10 Modern Coming-of-Age Films I Like More than The Fablemans
The Fablemans (2022)
Directed by Steven Spielberg
Starring Michelle Williams, Gabriel LaBelle and Paul Dano
By Tim Basaraba
Coming of age stories have gripped filmgoers since the beginning of the medium. Oliver Twist (I) (1922)? Wow, what a tale! David Copperfield (1935)? Riveting! The Secret Garden (1949)? That’s a pretty big secret! The 400 Blows (1959)? A masterpiece! West Side Story (1961)? A genre defining great! American Graffiti (1973)? What an ensemble! Stand by Me (1986)? OMG, that cast! Dazed and Confused (1993)? Hey, these seem like real people! Superbad (2007)? So many penis drawings! Boyhood (I) (2014)? A 12-year epic!
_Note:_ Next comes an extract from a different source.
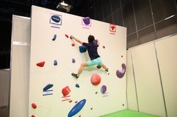 先述した3D映像を生成する技術についても展示が行われていた。ブースにはボルダリングの壁が設置され、実際に人が登っているところをモーションデータ取得用のカメラで撮影。これをPCで解析などの処理をした後、3Dデータ生成するというシステムだ。

Each decade has given us coming of age films with stories that entrance and inform. Which is why I’m disappointed that Oscar Best Picture Nominee The Fablemans, from brilliant filmmaker Steven Spielberg, does not.
In the 2022 film, Spielberg avatar Gabriel LaBelle does his best to convey the restlessness and ambition of a child with so much time and money on his hands that he can make short films that are adored by relatives and classmates alike. Dad is a smart professional and mom is an unstable wild child, but this is where the conflict and tension ends in this milquetoast autobiography. Shoehorn in some vague bullying and a hint of antisemitism and these appear to be the only obstacles Spielberg had to overcome on his way to being one of the wealthiest, most revered filmmakers of all time.
Does The Fablemans look good? Of course it does. It’s gorgeous, and with 50 years to perfect his art and a 40 million budget to shoot it, it should. But the only scenes that resonated deeply with me were those featuring Michelle Williams as Spielberg’s beautifully-loving but slightly off kilter mother. Visually, the use of light was impressive and served as a testament to the skill of the director and his choice of cinematographer, two-time Oscar Winner Janusz Kaminski. One scene in particular frames Williams in an almost goddess-like stature as she dances freely, unleashing her inner wild child in front of the entire family.
Having given us so many iconic, genre-defining films like Jaws (1975), Indiana Jones and the Raiders of the Lost Ark (1981), Jurassic Park (1993), Schindler’s List (1992), Private Ryan (1998), and the under-appreciated A.I. Artificial Intelligence (2001), perhaps the message Spielberg needed to hear was simply this: “just because a story is about you doesn’t mean it’s interesting.” I don’t fault him for making it, but ultimately it plays like a beautifully shot 2-hour after school special about the horrors of being called “Bagleman” instead of “Fableman.”
If you love Spielberg, which we all do, make sure you’ve seen all of his previous films before you spend time on The Fablemans. If you’re after a modern coming-of-age story, here are 10 that probably had less than a $40 million budget combined that are more worthy of your time. They are listed in chronological order beginning with the most recent:
· Waves (2019) – The story of an affluent African American family in crisis.
· Booksmart (2019) – Basically Superbad 2.0, but with girls.
· Mid 90’s (2018) – A 13-year-old boy begins spending time with a mostly older group of skateboarders in 1990s Los Angeles.
· 8th Grade (2018) – A quiet film about being in the 8th grade and trying to gain social acceptance through social media.
· The Florida Project (2017) – The story of a young mother and daughter’s struggle for survival against the backdrop of “The Happiest Place on Earth.”
· Call Me By Your Name (2017) – A chronicle of the romantic relationship between a 17-year-old and a 24-year-old graduate-student assistant to the boy’s father, an archaeology professor.
· Lady Bird (2017) – The story of a high school senior and her strained relationship with her mother.
· Moonlight (2016) – A personal look at the childhood, adolescence, and early adult life of a man in the American south.
· Raw (2016) – A film about arriving at college and all the anxiety it causes, framed as a horror flick.
· It Follows (2014) – A young woman is pursued by a supernatural entity after a sexual encounter and must have sex with another individual to avoid it.
While The Fablemans clearly isn’t one of my favorite Spielberg films or one of the best films I saw in 2022, it still gets a B rating from me thanks Judd to Hirsch’s fantastic motivational speech as Uncle Boris. Don’t rush to see this before your 2023 Oscars party, but dial it up on streaming after you’ve revisited the rest of this great director’s catalog.